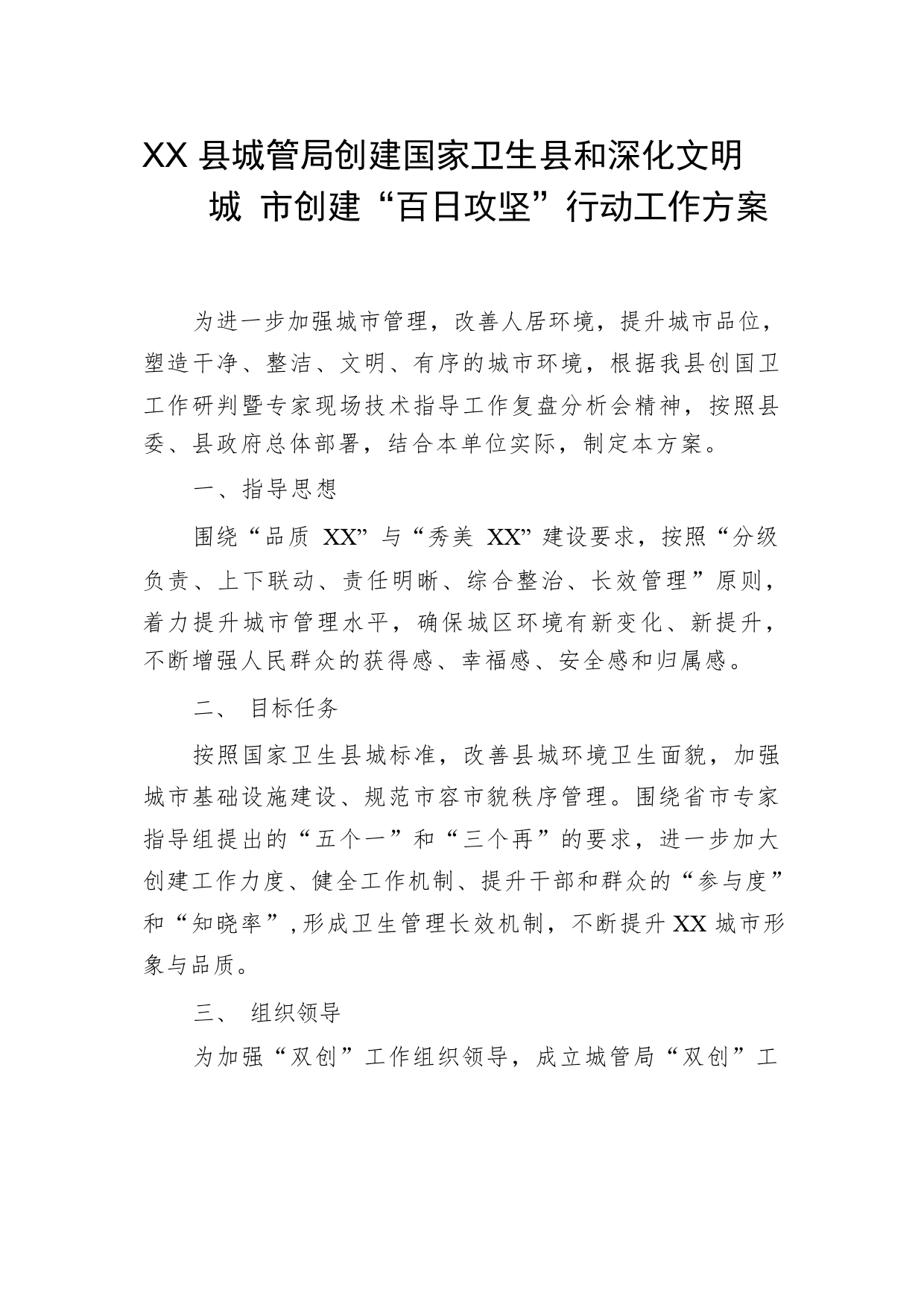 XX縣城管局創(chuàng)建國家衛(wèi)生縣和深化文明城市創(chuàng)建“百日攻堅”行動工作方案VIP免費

○ ○ ○

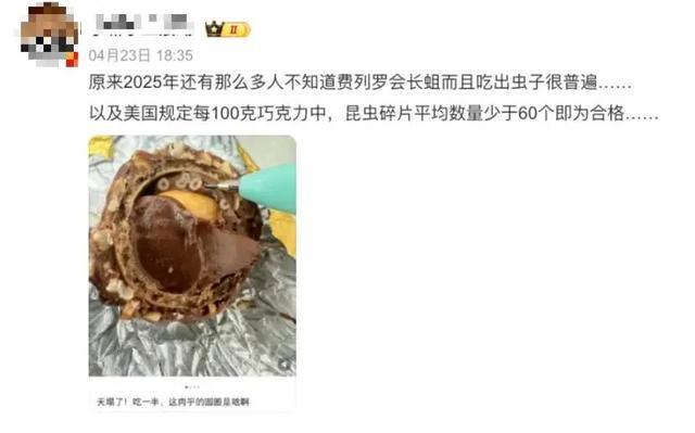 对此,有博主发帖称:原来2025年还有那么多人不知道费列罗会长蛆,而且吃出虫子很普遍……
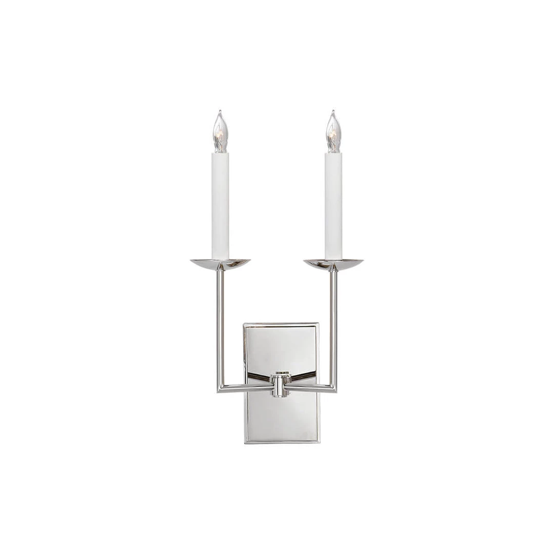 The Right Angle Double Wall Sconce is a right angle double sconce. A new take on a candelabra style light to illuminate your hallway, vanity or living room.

○ ○ ○

## WORK INSTRUCTION
Pictures in the material above should be skipped; print exactly the lines from the one with "对此,有博主发帖称:原来20" through the one with "The Right Angle".

## RESPONSE FOR THIS EXERCISE
 对此,有博主发帖称:原来2025年还有那么多人不知道费列罗会长蛆,而且吃出虫子很普遍……
 The Right Angle Double Wall Sconce is a right angle double sconce. A new take on a candelabra style light to illuminate your hallway, vanity or living room.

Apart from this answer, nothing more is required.